NBA’s Players Association Aims to Maximize Stars’ Brand Value

The National Basketball Players Association has launched a new brand management arm, Think450, to help boost the marketing value of the league’s 450 active players. The move comes thanks to a major shift in its collective bargaining agreement with the NBA.

Last year, the National Basketball Players Association scored an important shift in its collective bargaining agreement with the league—and the benefits of that approach are just starting to show themselves.

Ahead of the 2018 NBA All-Star Game, the year’s biggest showcase of both the league and its individual players, news is breaking out about Think450, the NBPA’s new marketing rights group.
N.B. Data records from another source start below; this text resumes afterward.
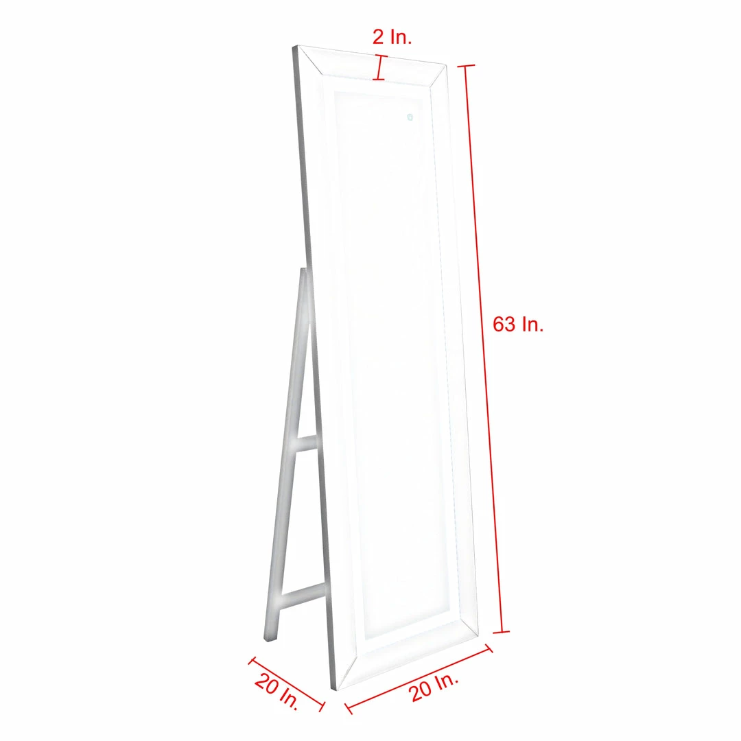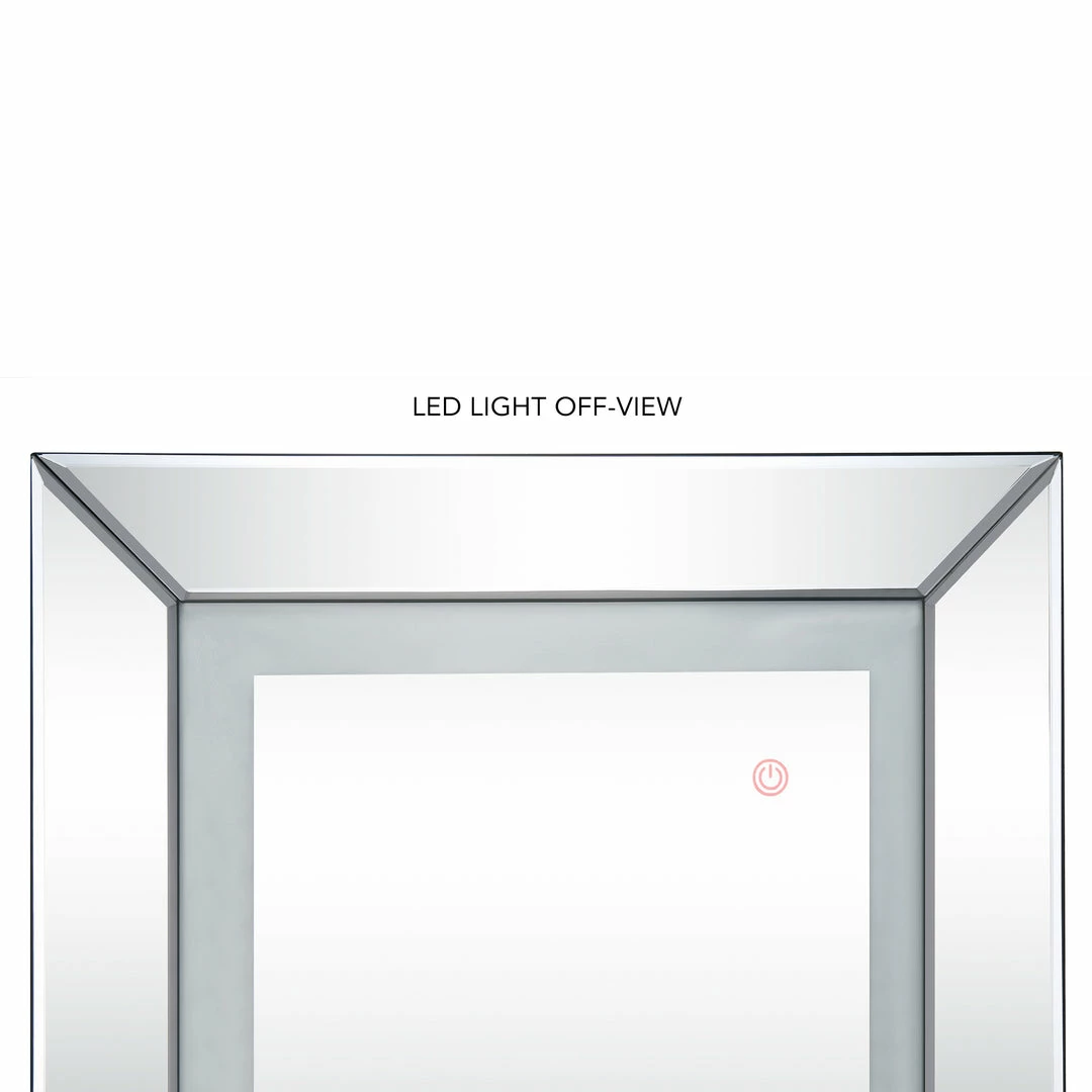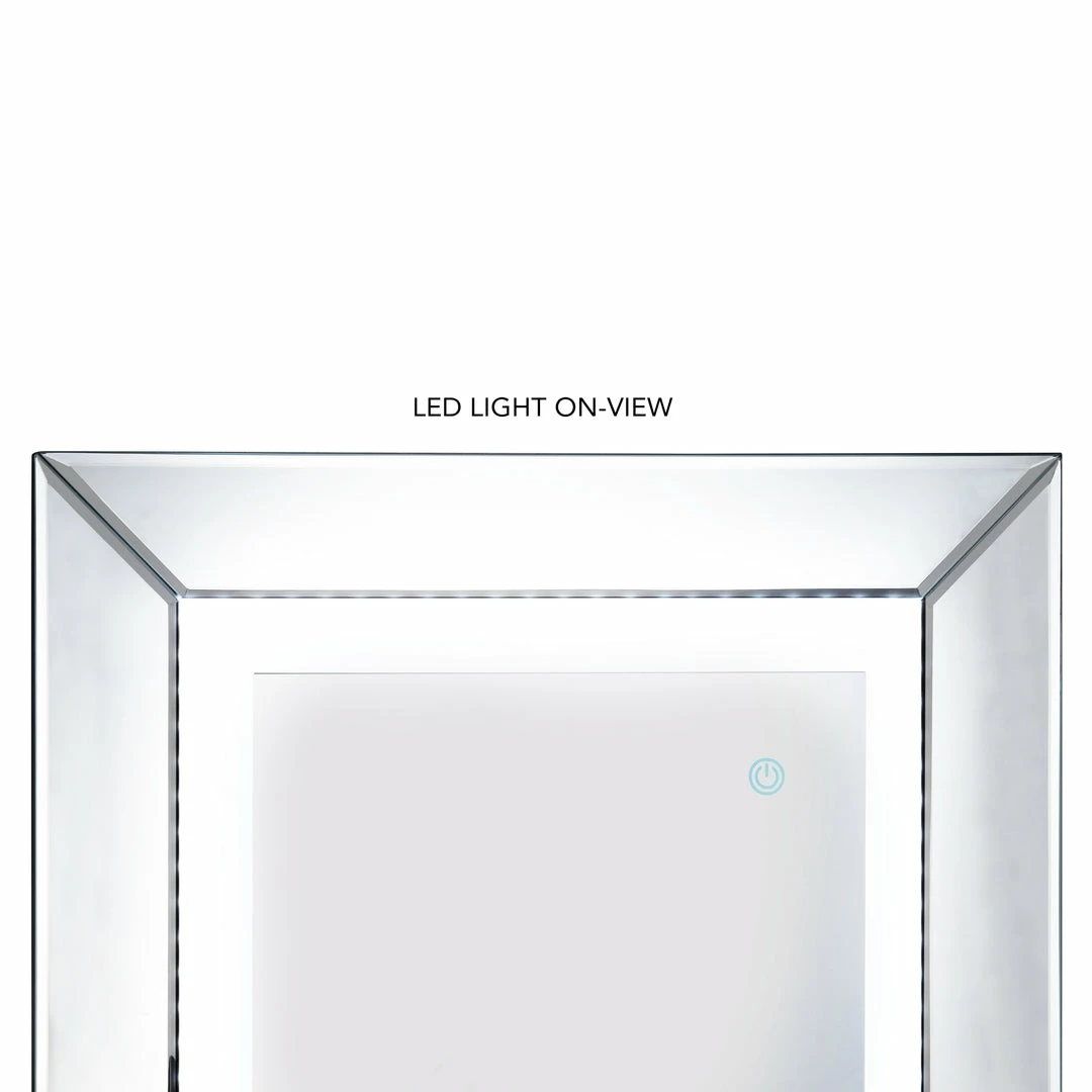 - ATTRIBUTES – LED Lights, Mirrored Border, Full Length, Plug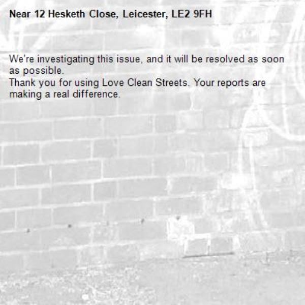 -12 Hesketh Close, Leicester, LE2 9FH 18/11/2025 09:18 We’re investigating this issue, and it will be resolved as soon as possible. Thank you for using Love Clean Streets. Your reports are making a real difference.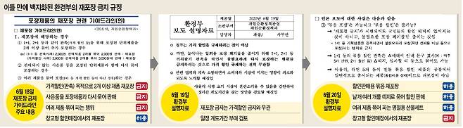 환경부가 묶음 할인판매를 금지한 속칭 ‘재포장 금지법’의 시행(7월 1일)을 열흘 앞두고 시행 계획을 지난 20일 사실상 백지화했다. 식품·유통업계에 규제 가이드라인을 제시한 지 이틀 만이고, 한국경제신문이 이 같은 규제로 묶음 할인판매 등 마케팅 행위가 불가능해질 것이라고 보도한 지 하루 만이다. 환경부는 비난 여론이 거세지자 원점에서 재검토하기로 했다. 규제 시행 시기 등은 22일 다시 발표하기로 했다.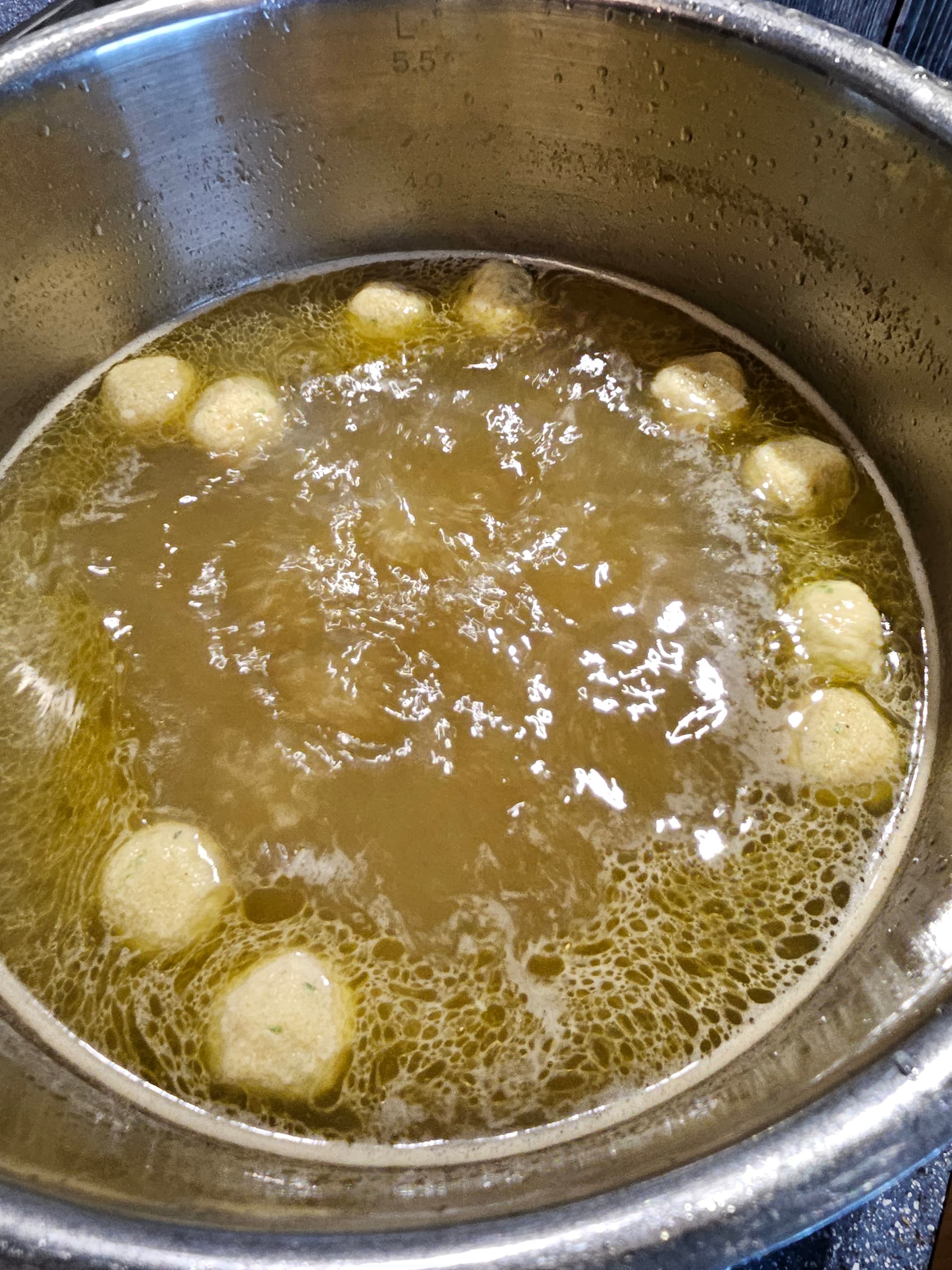 Ich habe die Ruhe des Feiertages dafür genutzt, 120 Markklößchen zu machen. Wir essen die nicht wie sonst alle als Vorspeisensüppchen mit drei Stück in der Brühe oder so, sondern mit gewürfelten Karotten und Fadennudeln als Hauptmahlzeit, fast schon ein Eintopf. Klar, diese Menge wird gedrittelt und zwei Portionen werden eingefroren. Eine gute, selbstgemachte Rinderbrühe gehört da natürlich als Ausgangsprodukt dazu (darin ziehen die Klößchen dann gar). Ist viel Arbeit in dieser Menge, aber ich koche und backe ja so gern und ich liebe dieses Gericht seit Kindertagen. Meine Mama sagte immer, sie sind besser als ihre. Sehe ich nicht so, hat mich aber natürlich sehr gefreut. Schöneres Lob gab es nicht!

The endeavor was made possible after NBPA reacquired player brand management rights from the NBA a year ago—something the players association effectively loaned out to the league for two decades.

But while the NBA has a number of  valuable active players—450, to be exact, hence Think450’s name—there’s plenty of evidence that the investment wasn’t being maximized. For example, the NFL Players Association has moved in interesting directions with its player licenses, including launching a startup accelerator in 2016.

The NFL operates a $160 million-a-year business based on player licenses alone; per Fast Company, NBPA was getting a quarter of that from the league in the final year of their prior agreement.

With Think450, NBPA is basically reframing the model to market the league’s players to brands, according to the subsidiary’s president, Jordan Schlachter.

“We talked about what was important to our players and how we think about this business, and how we communicate it to the business community when we go out to the marketplace,” Schlachter told Fast Company. “We were bouncing around words, and we just said, ‘We need to think about all 450 of our players.’ That’s when it clicked.”

The organization has already teamed with brands like Lamborghini, and the licensing business offers a lot of potential flexibility—basically, the NBPA covers all licensing rights for players when they’re not in a uniform—which could help the players union as it looks to maximize its sizable investment.

“There are so many personalities in our league that I think the sky’s the limit in terms of how guys want to make an impact,” said Chris Paul, the Houston Rockets star who serves as NBPA’s president, in Fast Company. “It’s about making sure every player has a chance to take advantage of the opportunities in and out of the game.”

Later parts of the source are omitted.